Morts de Peck : de l'épuisement professionnel à la mort infinie

25 April 2026 Publié | Traduit de l'espagnol

JuanPe Arroyo a trouvé dans la répétition de la mort une issue au blocage créatif. Ce qui a commencé comme un croquis rapide pour surmonter l'épuisement professionnel est devenu un court métrage de cinq minutes au Weird Market en Espagne, puis un prototype de jeu vidéo exposé à The Line à Londres. Tout tourne autour d'un lutin qui meurt sans cesse, mais qui se relève toujours. 💀

Un lutin vert gît sur le sol, mais il se relève déjà. Fond gris d'atelier épuisant, lumières clignotantes. Croquis et pixels entourent son cycle infini de mort et de résurrection.

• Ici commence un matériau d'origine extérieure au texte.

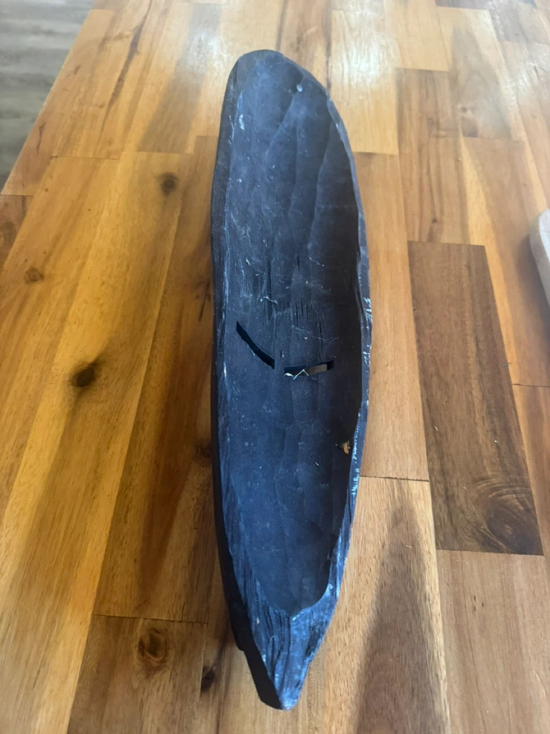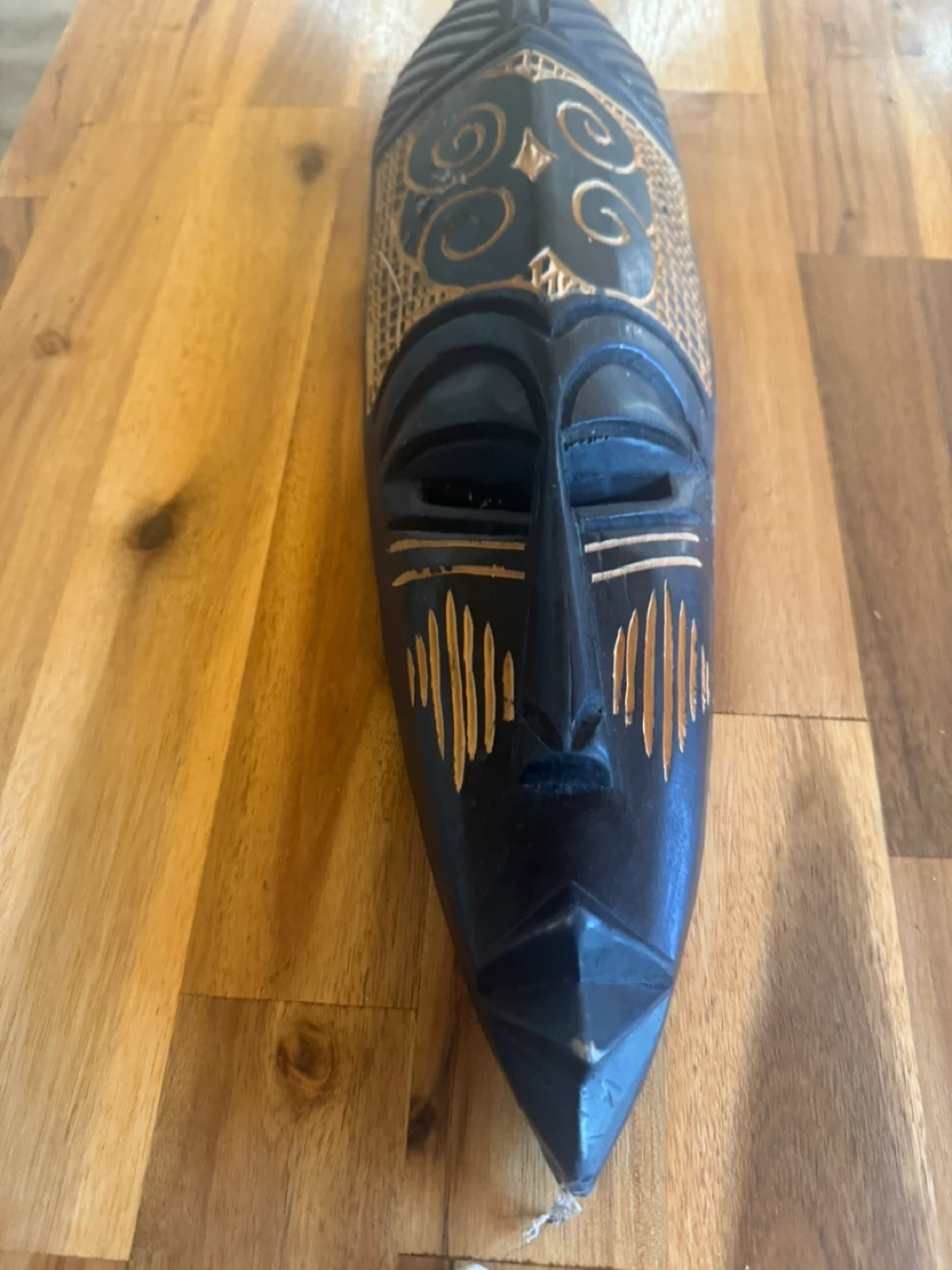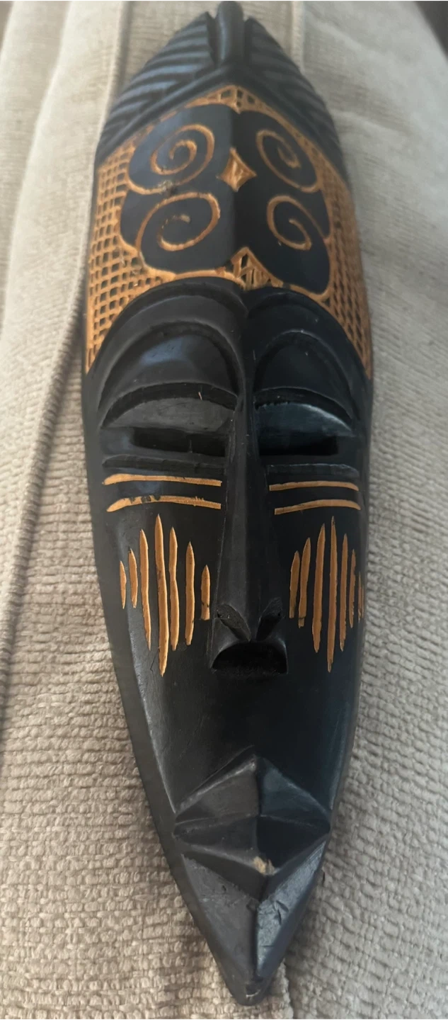 A striking black wooden mask with intricate gold-coloured carvings. It features traditional patterns and a tribal design. This decorative piece would make a great addition to home decor.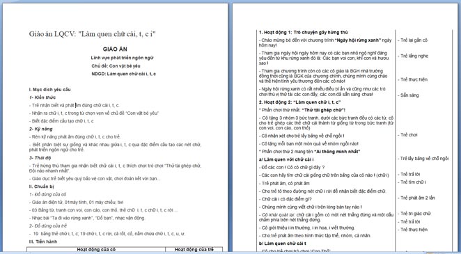 Ngoài File PowerPoint, giáo án làm quen chữ cái t, c, i còn có file Word có thể tải về và chỉnh sửa, mời các cô tham khảo.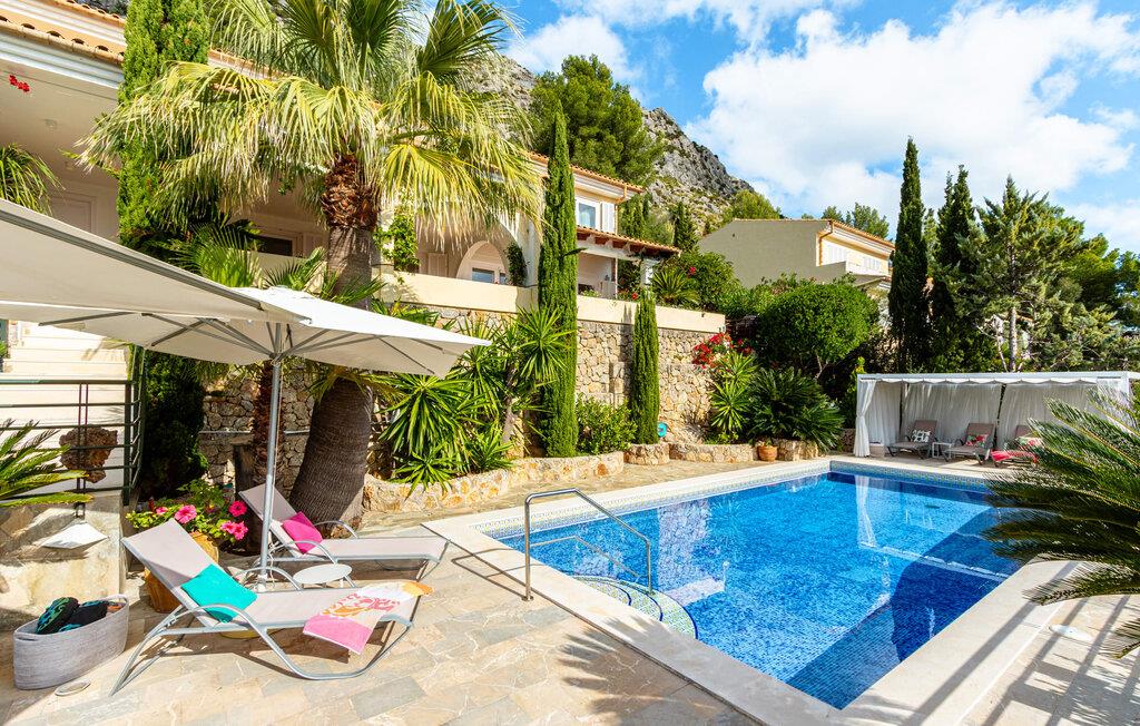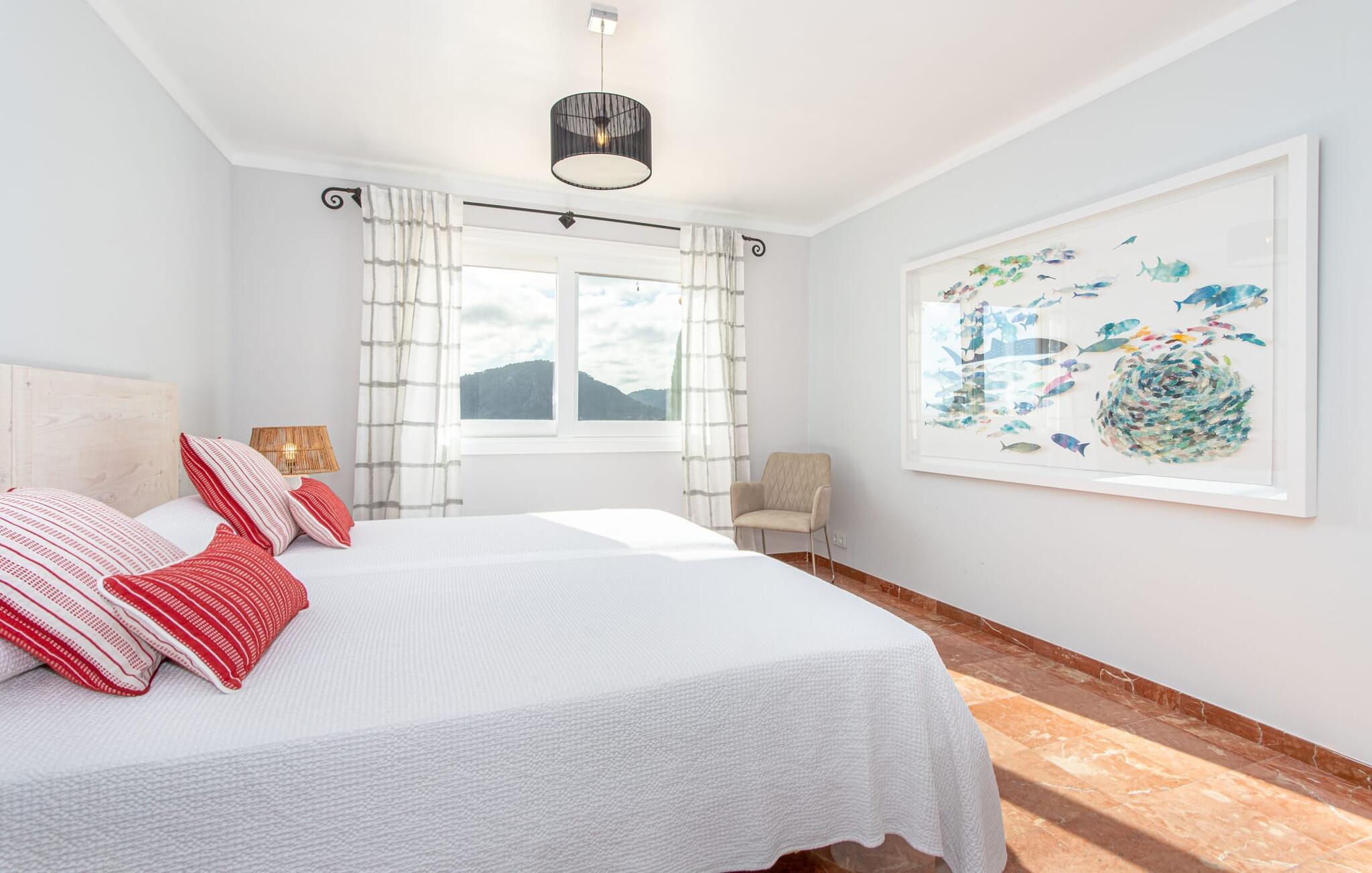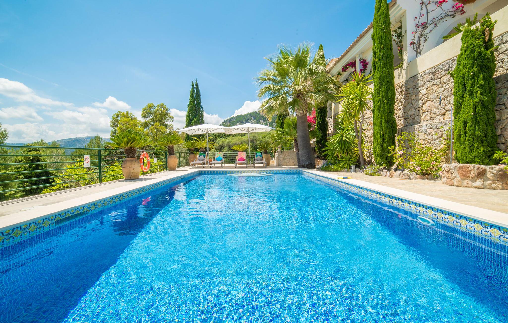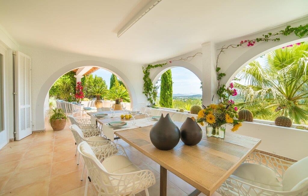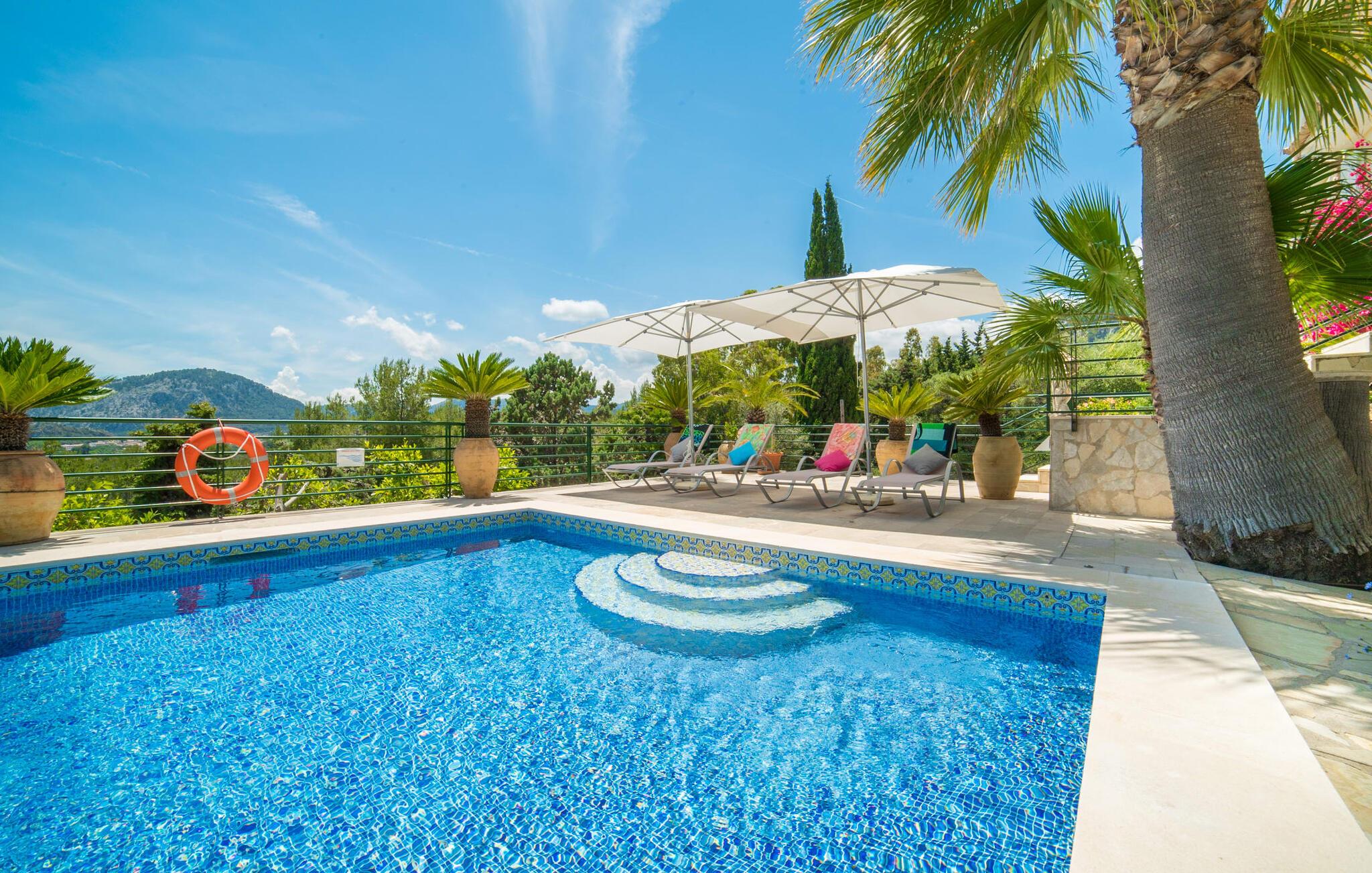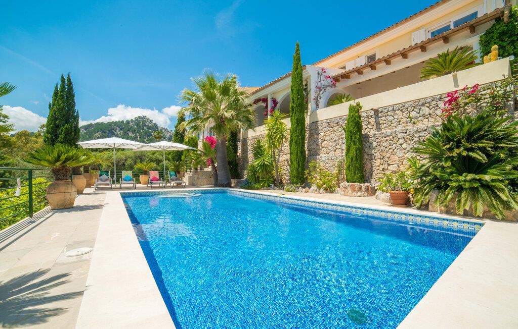 Villaen "La Font de la Liebre", renoveret i 2018, imponerer med sin velholdte atmosfære, førsteklasses indretning og en vidunderlig beliggenhed på en bjergskråning, kun omkring 2,2 km fra Pollença. Fra huset og terrasseområdet nyder I ikke blot en enestående udsigt over det typiske middelhavslandskab, der omgiver ejendommen, men I kan også lade blikket vandre over grønne bakker, byen Pollença og det glitrende turkisblå hav i det fjerne. Med sine mange attraktive buer, store overdækkede og solrige terrasseområder og altaner, der pryder to af de i alt fire soveværelser, tilbyder denne to-etagers ejendom de besøgende masser af plads og mange hyggelige værelser, der kan findes i hele haven i flere niveauer, de forskellige sektioner hvoraf har trin lavet af natursten er forbundet med hinanden. Lige under huset kan I tage en dukkert i poolen, dekoreret med smukke små fliser og omgivet af middelhavsplanter i dekorative terracotta-krukker. Efter jeres bad kan I finde jer tilpas på en af de komfortable liggestole med en lækker drink og nyde den vidunderlige udsigt og den søde følelse af at lave ingenting. Meget praktisk: Elevatoren fører direkte fra (dobbelt)garagen til stueetagen. Det ydre på “La Font de la Liebre” er et sandt blikfang – og det gælder også, når I træder ind i huset. Udover den autentiske, stilrene og højkvalitets indretning, en blanding af gammelt og nyt, imponerer huset med sin rummelige planløsning og rummenes rummelige, åbne design. Et storslået stengulv, kombineret med lysegrå vægge og sofistikeret loftsbelysning, bidrager til husets atmosfære. I stueetagen er der ikke kun et badeværelse, men også en kæmpe stue med to lige komfortable sofaer, en smuk pejs og en stenbænk dekoreret med mange typiske mallorcanske hynder - perfekt til lange ferieaftener tilbragt i selskab med venner og familie . Fine tæpper og imponerende malerier på væggene supplerer perfekt den elegante atmosfære. Lige ved siden af, i det store hvide køkken i landlig stil, kan I arbejde efter hjertens lyst - der er mere end nok plads til kulinariske eksperimenter med mange forskellige gryder, pander og andre redskaber. I kan så servere jeres kreationer direkte ved det store spisebord i træ, som også er placeret i køkkenet. For at sove kan I trække jer tilbage til et af de fire soveværelser på første sal, som alle er smagfuldt indrettet med udvalgte pynteting og komfortable senge. For nemheds skyld har alle ulasteligt smarte badeværelser en suite. jeres sommerhus ligger midt i et smukt, typisk middelhavslandskab i det frodige grønne nord på øen - fra jeres villa kan I ikke bare nyde en fantastisk udsigt, men også udforske den omkringliggende natur, det være sig på vandreture eller lange gåture . Til shopping og lange gåture gennem byen - for det er virkelig det værd - skal I bare køre 2,2 km til Pollença. Den gamle bydel er velsignet med charmerende små sidegader, mange håndværksbutikker, små butikker og indbydende caféer og restauranter. Byen scorer ikke kun med en masse flair, men også med adskillige seværdigheder som Pont Roma, byens historiske bro, Puig de Maria-bakken eller Golgata, hvis top kun kan nås ved at bestige et 365-trin trappe overvinder. Men glem ikke de smukke strande, som kun ligger omkring 7 km fra jeres villa. Eksempler på dette er den rolige strand Cala Clara og den hvide sandstrand Platja de Port de Pollença. En smuk, elegant villa med en guddommelig udsigt til både de grønne bjerge og det forførende flimrende hav i det fjerne - alt dette og mere venter jer på La Font de la Liebre. Det bemærkelsesværdigt velholdte hus ligger 2,2 km fra byen Pollença på en ejendom opdelt i forskellige niveauer. Smukke naturstentrapper med mange hyggelige siddepladser lokker, ligesom den plane pool med solterrasse - og den nærmeste strand ligger kun omkring 6,6 km væk.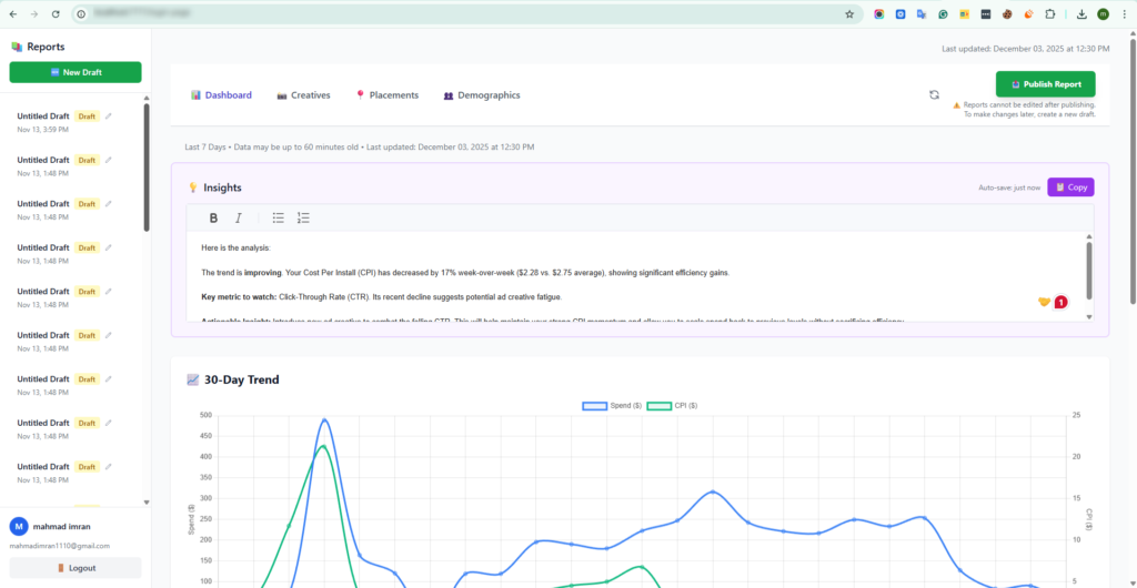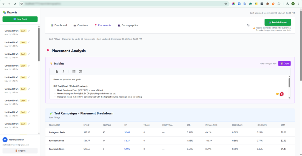 The Photo Vault Dashboard is a specialized analytics platform built to track, visualize, and optimize digital advertising performance—primarily focusing on Meta/Facebook ad campaigns. The platform consolidates key performance metrics, creative insights, placement effectiveness, and demographic data into a single, easy-to-understand interface, enabling marketers to make informed, data-driven decisions.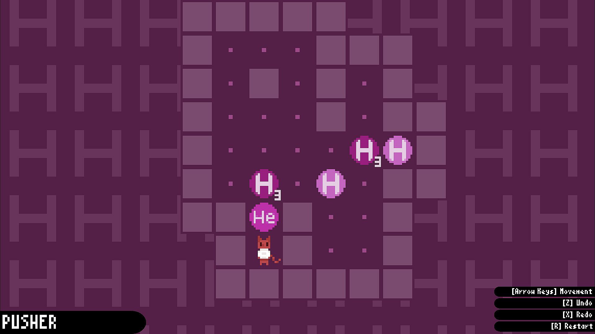 As you process this game, there will be more mechanics: Like He atom could push everything including H3(?) atom etc.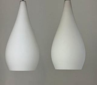 Lot de 2 suspensions en opaline. En bel état général. L'électricité a été refaite. Douille à vis petit culot (Ampoules E14). Branchement par domino. Fil noir en tissu tressé et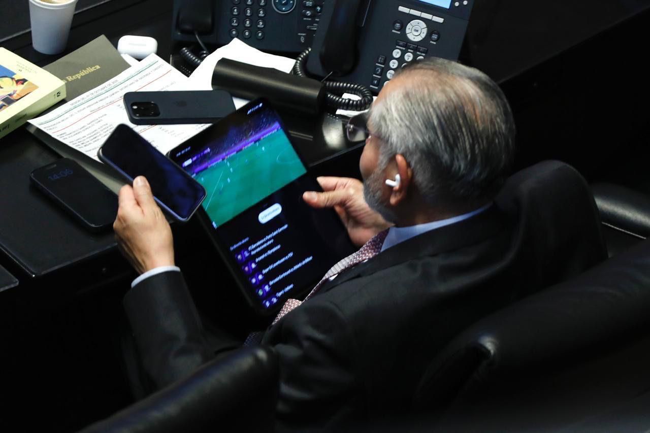 El coordinador de los senadores de Morena, Adán Augusto López, fue captado siguiendo el partido de la Champions League entre el Barcelona y el Paris Saint-Germain durante la comparecencia del secretario de Hacienda y Crédito Público, Édgar Amador, ante el pleno del Senado.
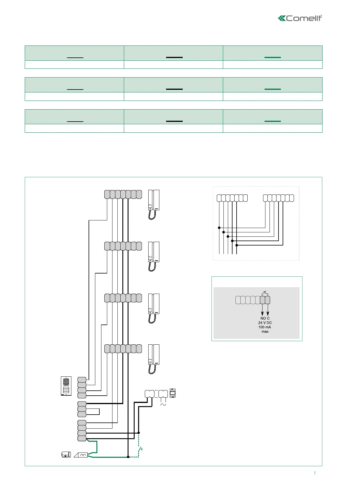 Comelit KAE5064 - Operating Distances; Wiring Diagrams; Standard System and 1 Additional Door-Entry Phone Connection Variant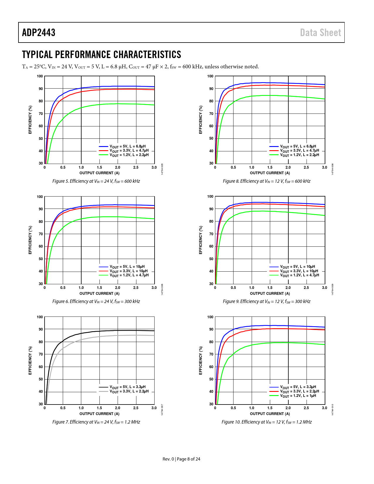 ADP2443. Data Sheet. TYPICAL PERFORMANCE CHARACTERISTICS. 100. NCY. ICI. VOUT = 5V, L = 6.8µH. VOUT = 3.3V, L = 4.7µH
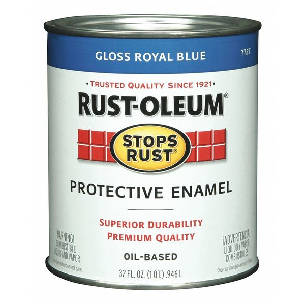 $19.99 / eachWeb priceInterior/Exterior Paint, Glossy, Oil Base, Royal Blue, 1 qtSKU G4106341Categories Paint and Body EquipmentDescription Enamel Paint, For Use On Surface Material Metal, Wood, Paint Base Type Oil, Paint Color Family Blues, Royal Blue, Finish Gloss, Size 1 qt, Coverage 50 to 90 sq ft/gal, VOC Content Less than 485g/L, Dry Time Recoat 24 hr, Paint Sub-Brand Stops Rust, Paint Cleanup Mineral Spirits, Dry Time 5 to 9 hr, Min. Application Temp. 50 Degrees to 90 Degrees F, Application Method Brush, Roll, Spray, Features Corrosion Resistant, DurablegraingerSKU: 39DP18, mscSKU: , zoro_no: G4106341, mongo_id: 65bbe75f3aaddbd5a908f461

Du crayon au moteur graphique : le prototype qui n'arrête pas de tomber 🎮

La transition du dessin au jeu vidéo a été directe. Arroyo a transféré la boucle de mort et de résurrection dans un prototype jouable où la mécanique principale est d'échouer pour avancer. Le développement technique s'est concentré sur la simplicité : un personnage, une action répétée et des systèmes de collision qui enregistrent chaque mort. Le résultat est une boucle infinie qui, loin de frustrer, invite à continuer d'essayer de nouvelles façons d'en finir avec le lutin.

Le public, bourreau principal du lutin 🎭

Ce qui a commencé comme un exercice solitaire est devenu un concours d'imagination homicide. En publiant les dessins, les abonnés ont commencé à suggérer des méthodes créatives pour expédier le lutin : des chutes absurdes aux explosions cosmiques. Désormais, chaque mort est une suggestion anonyme. Le pauvre lutin ne sait pas que son agonie est le passe-temps favori d'une centaine d'inconnus.